_REQUIRED WORK_.
Transcribe the lines below verbatim, skipping the images.

_PROVIDED DATA_.
-*-
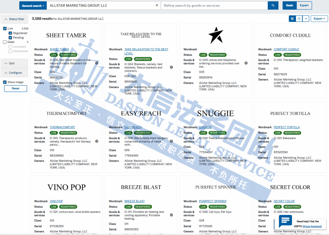 案件分析 此案涉及商标维权,原告旗下注册商标多达35个,涵盖了厨房洁具、服装鞋帽、皮革工具、家具和办公用品等类别,侵权风险极高!跨境卖家尽快检索下架! 产品展示 今天就分享到这里了,感谢你的阅读。大信团队会持续为你带来最新的侵权咨询。想要了解更多内容,可关注我们【大信团队】。 我们始终坚信,法律服务没有捷径,容不得任何滥竽充数的行为。大信法务团队有中美资深律师,在美国TRO诉讼行业深耕多年,处理过上万起TRO侵权案,致力于为中国跨境电商卖家保驾护航! 如果有关于店铺大额资金冻结、同行解决不了、缺席判决、多次谈判博弈无法和解的案子可以添加我们联系方式,我们将为你提供最优质的法律服务。
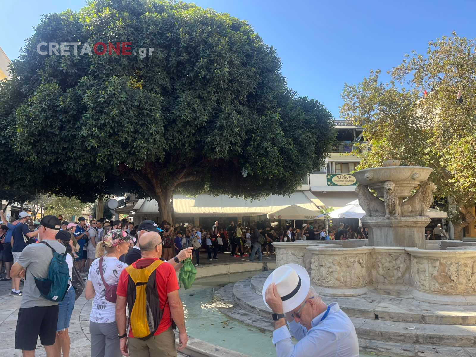 Η πλατεία Λιονταριών —το πιο αναγνωρίσιμο σημείο της πόλης— γέμισε σήμερα από τουρίστες κάθε ηλικίας, που απολαμβάνουν τις τελευταίες ζεστές ημέρες του φθινοπώρου κάτω από τον κρητικό ήλιο.
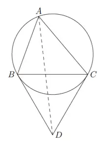 Fie ABC un triunghi. Se construiește punctul D ca intersecție a tangentelor în B și C la cercul circumscris triunghiului. Atunci AD este simediana triunghiului ABC.[7]
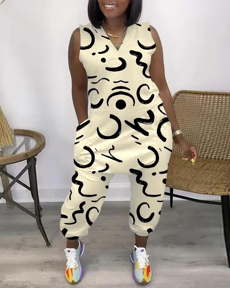 Abstract Print Pocket Design Sleeveless Jumpsuit
-*-
_TASK OUTPUT_.
 案件分析 此案涉及商标维权,原告旗下注册商标多达35个,涵盖了厨房洁具、服装鞋帽、皮革工具、家具和办公用品等类别,侵权风险极高!跨境卖家尽快检索下架! 产品展示 今天就分享到这里了,感谢你的阅读。大信团队会持续为你带来最新的侵权咨询。想要了解更多内容,可关注我们【大信团队】。 我们始终坚信,法律服务没有捷径,容不得任何滥竽充数的行为。大信法务团队有中美资深律师,在美国TRO诉讼行业深耕多年,处理过上万起TRO侵权案,致力于为中国跨境电商卖家保驾护航! 如果有关于店铺大额资金冻结、同行解决不了、缺席判决、多次谈判博弈无法和解的案子可以添加我们联系方式,我们将为你提供最优质的法律服务。
 Η πλατεία Λιονταριών —το πιο αναγνωρίσιμο σημείο της πόλης— γέμισε σήμερα από τουρίστες κάθε ηλικίας, που απολαμβάνουν τις τελευταίες ζεστές ημέρες του φθινοπώρου κάτω από τον κρητικό ήλιο.
 Fie ABC un triunghi. Se construiește punctul D ca intersecție a tangentelor în B și C la cercul circumscris triunghiului. Atunci AD este simediana triunghiului ABC.[7]
 Abstract Print Pocket Design Sleeveless Jumpsuit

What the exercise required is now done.